DATASET EXCERPT:

▽

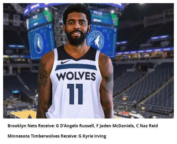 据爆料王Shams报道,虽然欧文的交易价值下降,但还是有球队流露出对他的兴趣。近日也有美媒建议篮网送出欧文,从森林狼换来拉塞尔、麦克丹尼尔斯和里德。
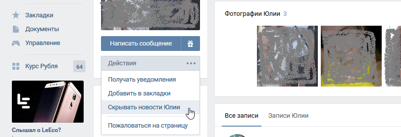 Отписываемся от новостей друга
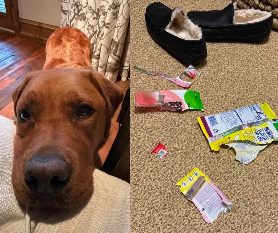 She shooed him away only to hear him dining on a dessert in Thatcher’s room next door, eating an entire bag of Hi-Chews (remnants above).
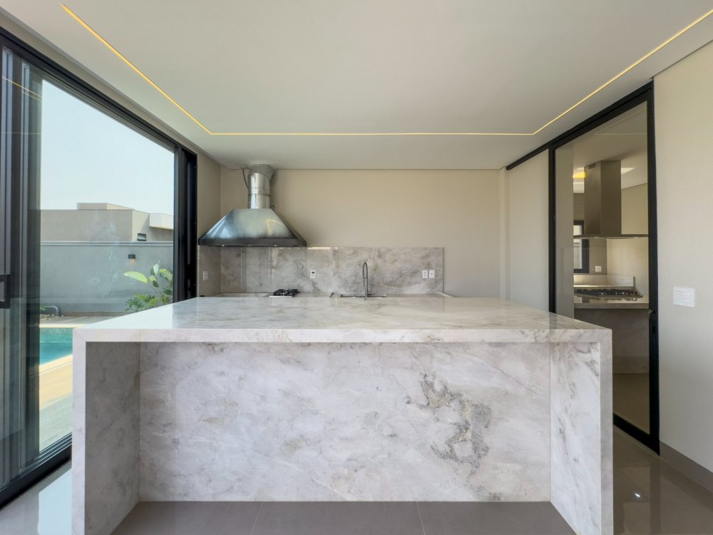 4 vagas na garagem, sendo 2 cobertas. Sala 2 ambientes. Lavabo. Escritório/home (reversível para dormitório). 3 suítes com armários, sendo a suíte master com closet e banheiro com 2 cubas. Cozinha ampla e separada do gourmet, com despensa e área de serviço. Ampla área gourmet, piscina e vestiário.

△

ACTION ITEM: In the listing above, find the line containing "Отписываемся от новостей друга" and the line containing "She shooed him"; print those lines and every line between them exactly, leaving out pictures.

WRITTEN SOLUTION:
 Отписываемся от новостей друга
 She shooed him away only to hear him dining on a dessert in Thatcher’s room next door, eating an entire bag of Hi-Chews (remnants above).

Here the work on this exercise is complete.